## Assignment
All of the data below is to be repeated exactly, except for the pictures.

## Dataset extract
Content starts

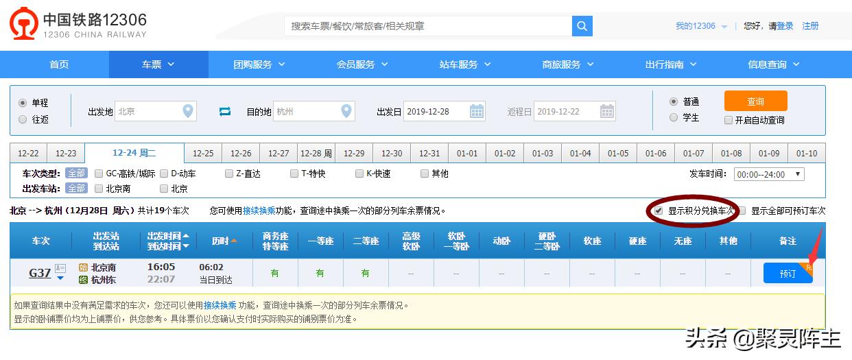 铁路畅行常旅客积分兑换火车票的操作与日常购票比较类似,这里以网页端为例,给大家看看。如下图所示,在查询完路线之后,我们能够看到一个“显示积分兑换车次的按钮”,选中之后筛选出来的就是可以兑换的车次啦!
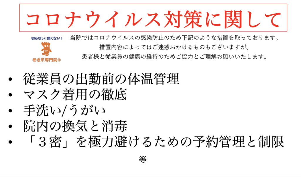 【お知らせ】コロナウイルス対策に関して
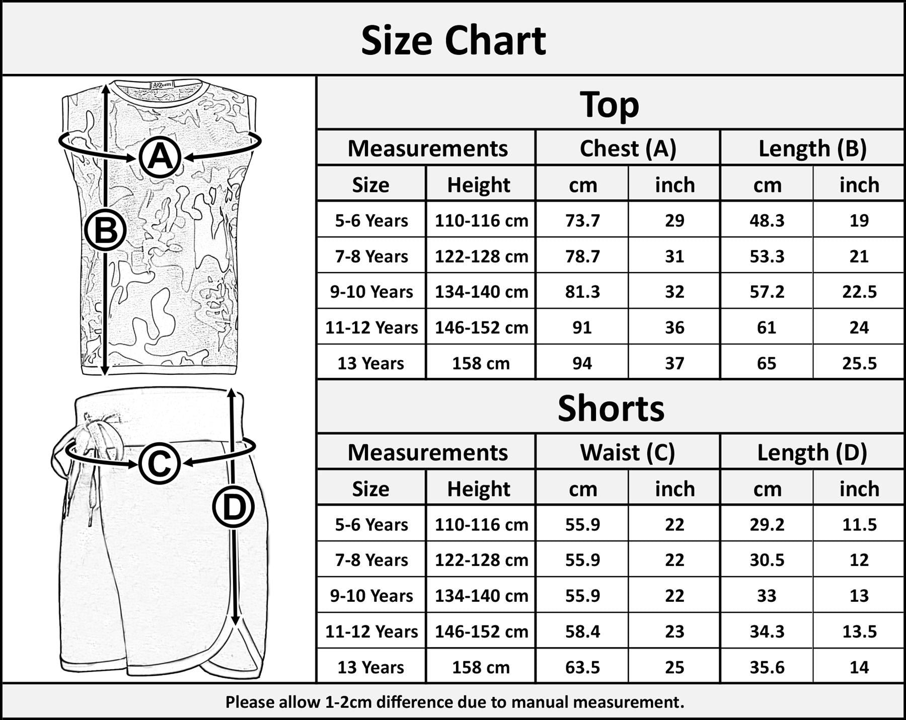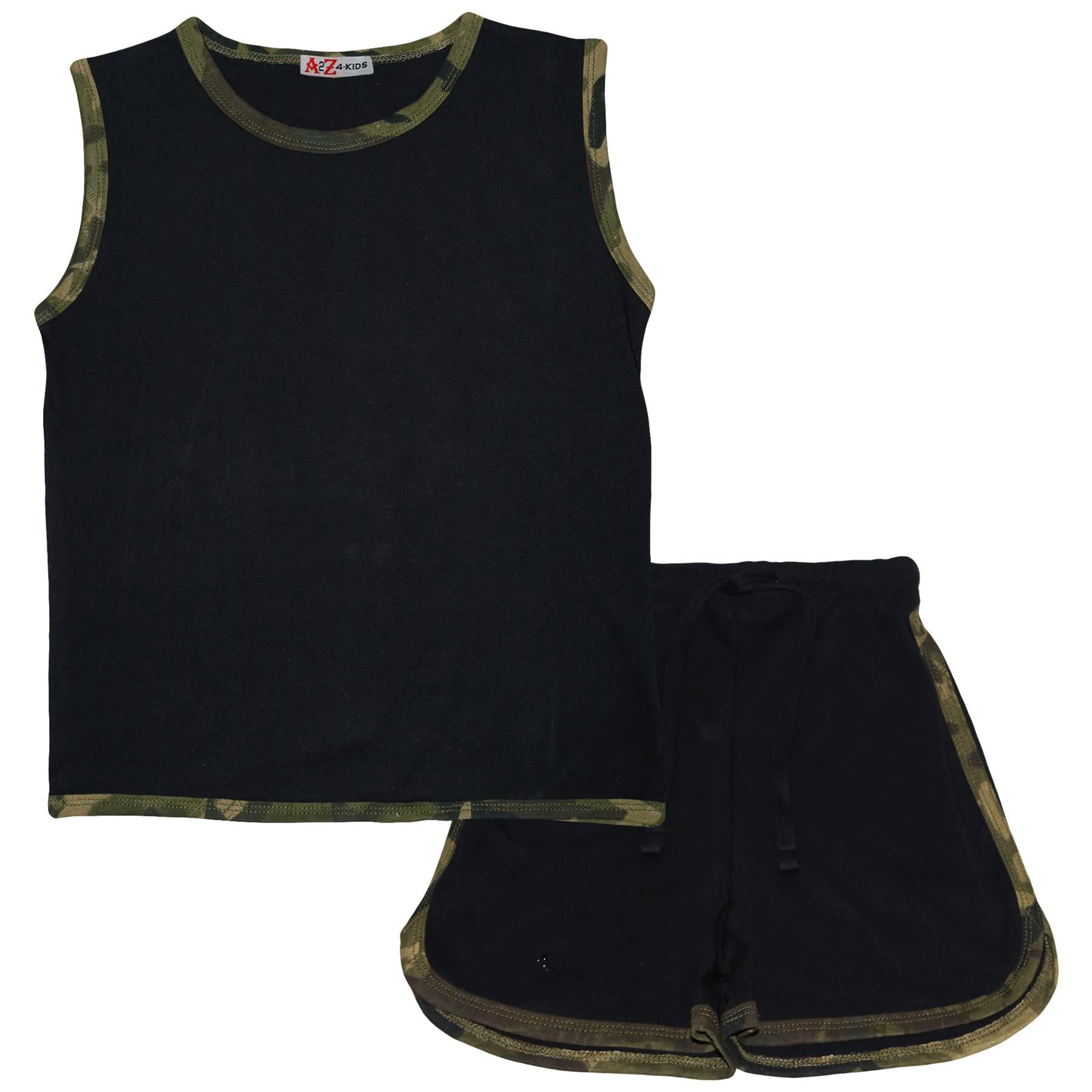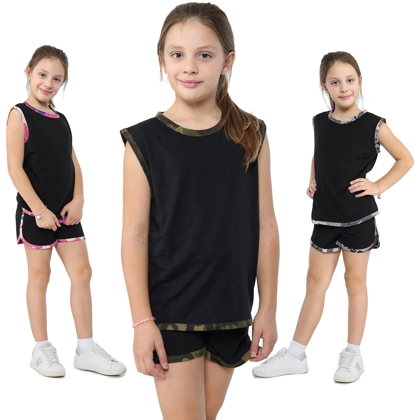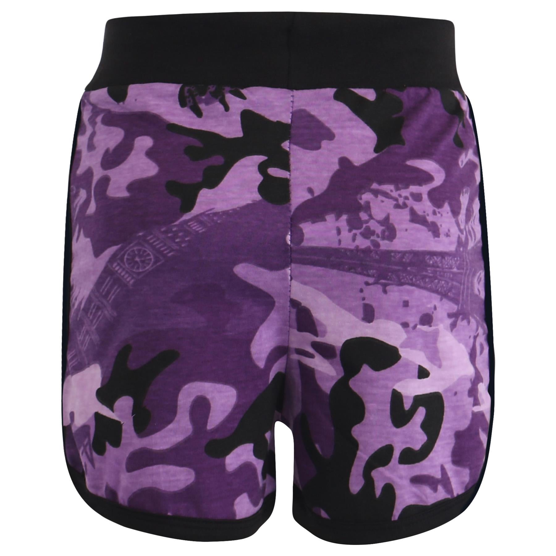 Kids Girls Shorts Set 100% Cotton Camouflage Taped Summer Vest Top Short 5-13 Yr

Content ends

## Answer box
 铁路畅行常旅客积分兑换火车票的操作与日常购票比较类似,这里以网页端为例,给大家看看。如下图所示,在查询完路线之后,我们能够看到一个“显示积分兑换车次的按钮”,选中之后筛选出来的就是可以兑换的车次啦!
 【お知らせ】コロナウイルス対策に関して
 Kids Girls Shorts Set 100% Cotton Camouflage Taped Summer Vest Top Short 5-13 Yr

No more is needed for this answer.